Одним из таких дел стал второй урок, который Владимир Васильевич до мельчайших деталей помнил по сей день. Урок практический.
Сначала отец посоветовался с мамой:
– Брать Вовку или не брать?
Мама возражала, но отец решил по-своему:
– Боюсь, у меня временим в обрез. А он пусть поглядит… Будет что внукам рассказать.
Они долго ехали на Дубровку, которая в то время считалась удалённым районом, и пришли в военный госпиталь – старое-престарое кирпичное здание в глубине огороженного бетонным забором двора.
Вроде не тюрьма, а с первых шагов стало жутковато.
– Держись мужиком, – почувствовав волнение сына, нахмурившись, строго приказал отец, который сам был внутренне напряжён, по-военному собран. Но вдруг обмяк и, словно самому себе, посоветовал: – По-человечески, по-человечески, люди всё ж…
По зашарпанной лестнице они поднялись на третий этаж, встретила их шустрая сестричка пенсионного возраста, знавшая отца в лицо и обрадованно запричитавшая:
– А я тебя кажный год жду… С сыном, что ль? Ну, молодец, молодец, пусть видят, а то никто опосля нас и не поверит.
Отец сунул ей коробочку конфет «Южный орех», которую они купили в метро, и она провела их в огромную больничную палату коек на двадцать.
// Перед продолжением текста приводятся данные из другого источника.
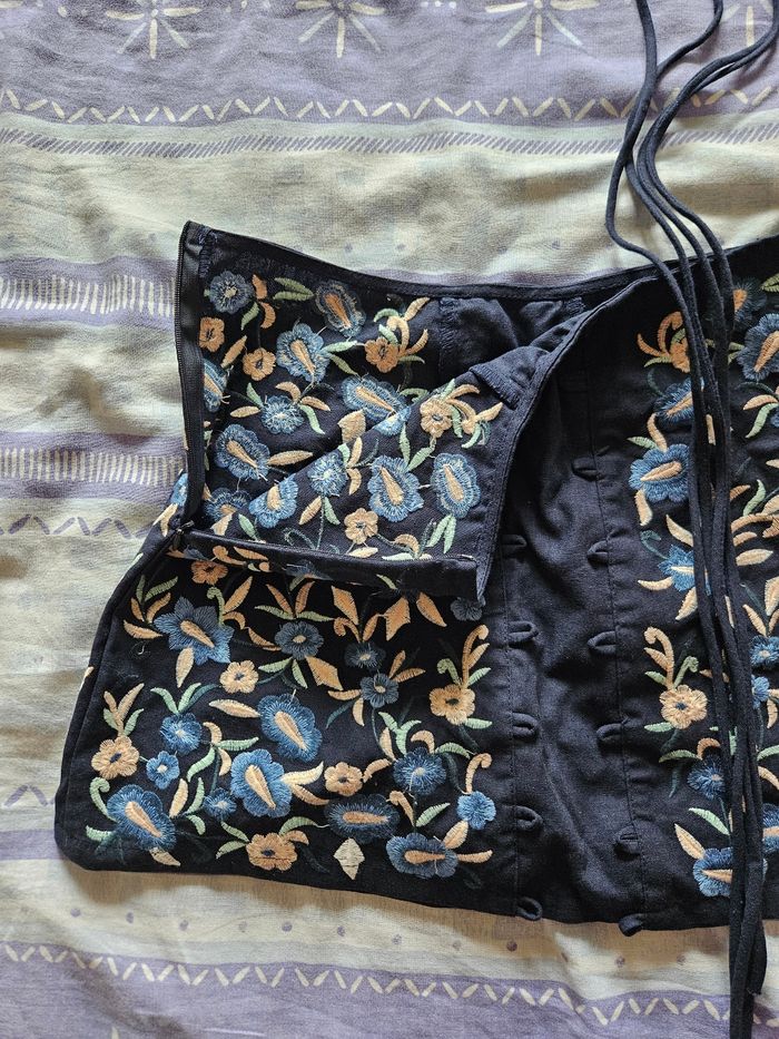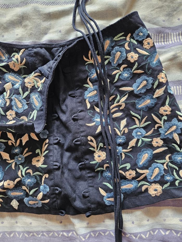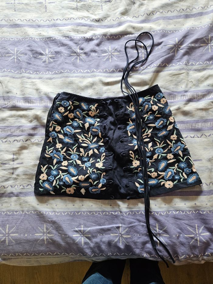 Jupe fond bleu marine, détail lasage devant et dos Fermeture éclair à droite
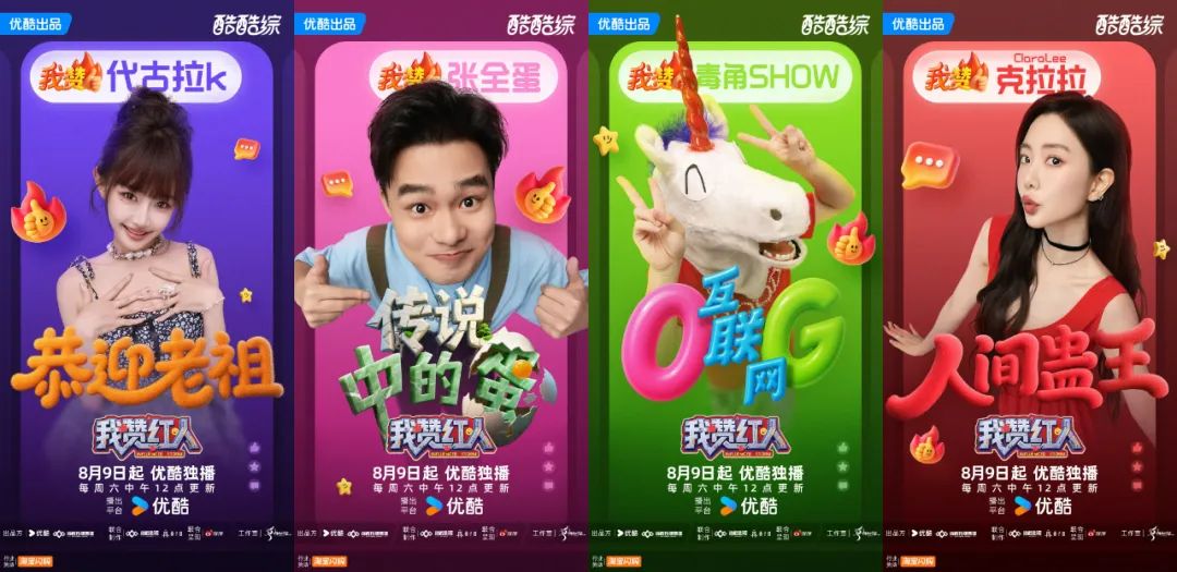 由此可看到《我赞红人》还是尽可能从不同世代、不同平台的中国网红里网罗了有看点的话题艺人,节目促成“几代中国网红华山论剑”的竞技火药味是相当足的,是长视频平台很少见的用长综艺赋能短视频红人朝阳赛道的创意型项目。

В первый миг Вовка обомлел: на постелях лежали и сидели в разных позах люди с чёрными повязками на лицах. Увидев отца, многие загомонили – говор был неясный, но в целом разборчивый, кто-то поднялся, шагнул навстречу, с кем-то отец обнялся. «Как он их различает? – мелькнуло у Вовки. – В масках же…» Но отец по-свойски присел на одну из коек, полуобнял лежавшего на ней, подозвал сына.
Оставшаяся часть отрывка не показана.